Daar, op de positie, is altijd de dreiging van ‘KAB’s’. De Russen schieten dagelijks tien tot twintig van die zware vliegtuigbommen af op de stad. “Als je ze hoort vliegen, is dat angstaanjagend. Dan sprinten we de kelder in. Als ze inslaan trilt de grond. De kracht van die dingen is immens.” Hun grootste angst zijn de drones. “Ik hou van drones, en ik haat ze”, zegt hij. “Omdat ik weet hoe effectief en gevaarlijk ze zijn. Als je een drone hoort, zoek je altijd onmiddellijk dekking.”
Dat die drones zich zo snel ontwikkelen, maakt het werk ‘uitdagend’. Ze hebben verschillende antennes en updates nodig, krijgen te maken met elektronische oorlogsvoering van beide kanten.

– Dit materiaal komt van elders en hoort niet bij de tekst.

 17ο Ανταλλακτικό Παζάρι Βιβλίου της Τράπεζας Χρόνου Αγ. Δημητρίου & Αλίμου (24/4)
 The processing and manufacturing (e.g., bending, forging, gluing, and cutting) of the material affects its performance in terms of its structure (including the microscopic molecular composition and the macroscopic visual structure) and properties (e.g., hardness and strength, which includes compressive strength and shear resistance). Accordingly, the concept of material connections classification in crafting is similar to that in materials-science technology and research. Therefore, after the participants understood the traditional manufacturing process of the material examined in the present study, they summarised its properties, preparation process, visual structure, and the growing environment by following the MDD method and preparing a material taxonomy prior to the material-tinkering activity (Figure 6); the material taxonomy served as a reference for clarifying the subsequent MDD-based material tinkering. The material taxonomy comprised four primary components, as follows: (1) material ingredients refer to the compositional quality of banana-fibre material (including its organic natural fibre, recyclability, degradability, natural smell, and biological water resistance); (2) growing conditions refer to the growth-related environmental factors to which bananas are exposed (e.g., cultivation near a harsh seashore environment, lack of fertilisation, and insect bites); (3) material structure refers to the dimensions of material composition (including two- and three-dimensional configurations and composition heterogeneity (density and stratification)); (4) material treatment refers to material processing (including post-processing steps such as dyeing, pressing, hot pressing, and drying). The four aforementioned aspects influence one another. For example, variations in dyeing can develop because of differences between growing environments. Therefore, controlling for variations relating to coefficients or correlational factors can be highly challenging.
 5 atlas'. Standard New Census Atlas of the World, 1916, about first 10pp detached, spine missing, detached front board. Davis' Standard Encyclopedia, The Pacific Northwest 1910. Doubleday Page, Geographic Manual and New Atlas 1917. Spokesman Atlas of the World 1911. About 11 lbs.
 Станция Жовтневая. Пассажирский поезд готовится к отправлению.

Bij elke rotatie gebruiken ze wel weer een nieuw snufje. “Het is niet gewoon dom oorlog voeren. Het vergt veel denkwerk over hoe het te laten werken. Soms krijgen we het niet op orde. Dan kun je lange tijd niet vliegen. Dat is frustrerend. Als het lukt een probleem op te lossen, is dat heel fijn.”

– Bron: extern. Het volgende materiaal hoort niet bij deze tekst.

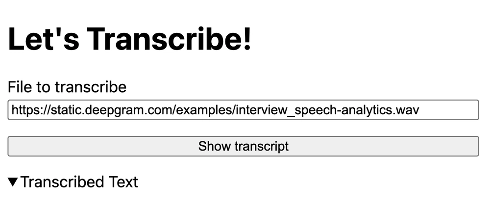We went through the demo code all the way to building out an app with Express that allows you to submit a URL for transcription.
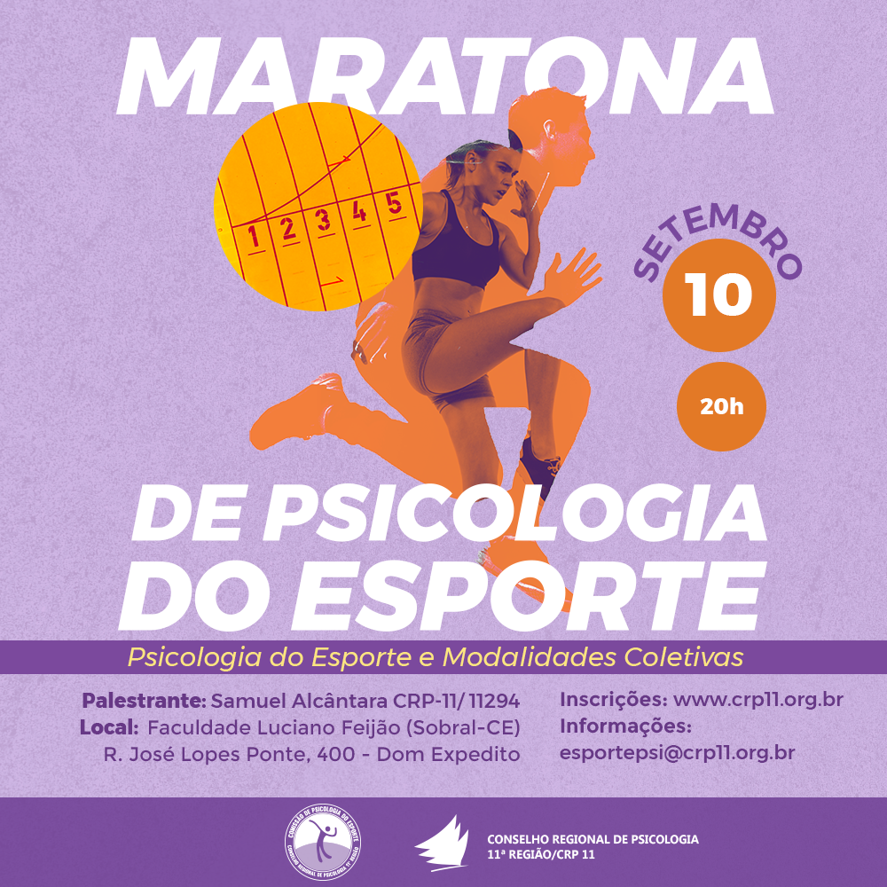 A Comissão de Psicologia do Esporte do Conselho Regional de Psicologia 11ª Região realiza o 6º encontro da Maratona de Psicologia do Esporte, no dia 10 de SETEMBRO de 2018, desta vez na cidade de Sobral, após um ciclo de palestras sobre Psicologia do Esporte na capital Fortaleza.
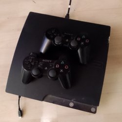 Playstation 3, 2 handkontroller, lite defekt, spel på hårddisken
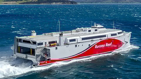 Designed and built by Australia's Incat Tasmania, the all-aluminium Buccoo Reef measures 100 metres long and is capable of speeds in excess of 39 knots. It will carry up to 995 passengers and 239 vehicles on each of two daily trips between Scarborough (08:00 departure) and Port of Spain (16:00 departure) every week from Monday to Friday.
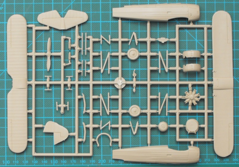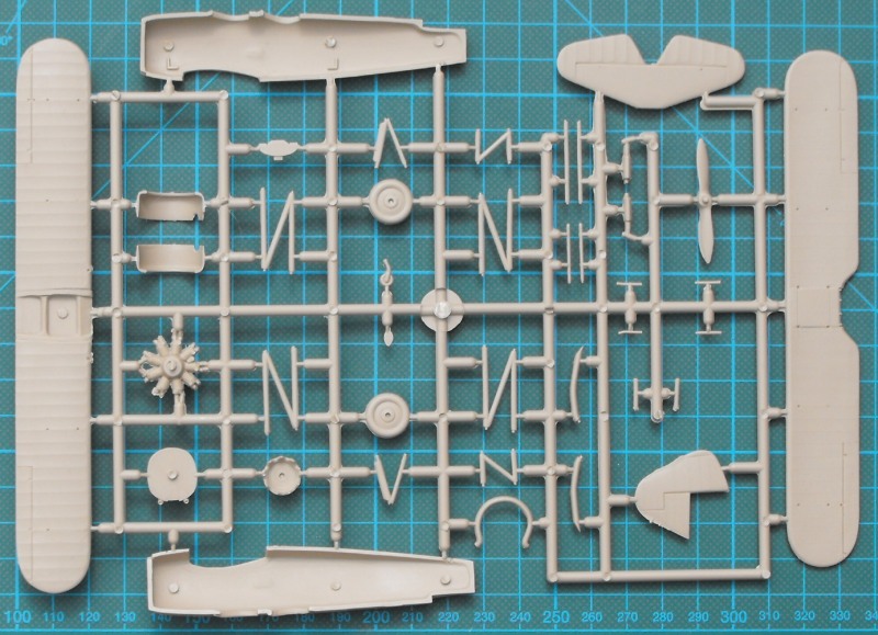 Der Motor aus Spritzgussmaterial ist ausreichend detailliert. Er wird z.T. durch eine mehrteilige Motorverkleidung und einen kleinen Spinner verdeckt. Nicht ganz einfach ist die Montage der Tragflächen. Hier sollte eine Lehre bzw. Montagehilfe zum Einsatz kommen. Für die richtige Ausrichtung der Streben gibt es eine Skizze. Wer sich dann noch an der Verspannung versuchen möchte, der kann diese ebenfalls nutzen und auf das Bausatzcover zurückgreifen. Die Decals sind versatzfrei auf hellblauem Trägerpapier gedruckt.

Hoewel de oorlog hem verandert, voelt het nog steeds niet als een ‘game’ om de vijand te raken, zegt Karst. Hij voel er nog steeds iets bij – vooral op de dagen dat hij in zijn appartement bijkomt van de ervaringen op de positie. “Waarom laten ze dit dit gebeuren, denk ik dan. Ze sturen elke dag weer een paar mannen dat veld over. Elke dag komen die mannen om. Eigenlijk ben ik boos op ze dat wij dit moeten doen. Het is onnodig.”
‘Rusland is voor heel Europa een bedreiging’
Fysiek en mentaal eist het frontbestaan zijn tol. Tijdens de drie dagen en nachten – vaak in kelders – is er soms amper gelegenheid voor slaap. Op de rustdagen probeert Karst gezond te eten en wat te hardlopen. “Dan herstel ik weer wat, maar zodra je daar bent word je weer ziek.” In Nederland is het lastig aarden, merkte hij tijdens zijn laatste bezoekje in december. “De gesprekken gaan over normale dingen, maar ik maak niet veel normale dingen mee.”
Hij doet het in de overtuiging dat Rusland niet alleen een bedreiging is voor Oekraïne, maar ook voor ons. “Als je ziet welke woorden de Russen gebruiken op nationale televisie, dat ze Londen en Parijs gaan platgooien, geloof ik niet dat er snel vrede komt. En ook al komt er een vrede, dan zie ik Rusland niet in een keer stoppen met die oorlogsindustrie. Natuurlijk hoop ik dat de oorlog niet uitbreidt naar het westen. Daarom ben ik hier. Om het kwaad tegen te houden.”
Als vrijwillige buitenlandse strijder kan hij elk moment zijn koffers pakken. “Ik mis mijn familie, vrienden en vrije leven.” Toch gaat Karst niet weg. “Mijn plan is hier te blijven tot er een duurzame vrede is”, besluit hij. “Als ik nu naar huis ga, verkeer ik in een vredige omgeving, maar heb ik geen vrede in mezelf. Dit is de plek waar ik moet zijn.”
De echte naam en gegevens van Karst zijn bekend bij de hoofdredactie. Trouw heeft via twee verschillende bronnen onafhankelijk van elkaar kunnen bevestigen dat Karst inderdaad bij Pokrovsk meevecht in het Oekraïense leger.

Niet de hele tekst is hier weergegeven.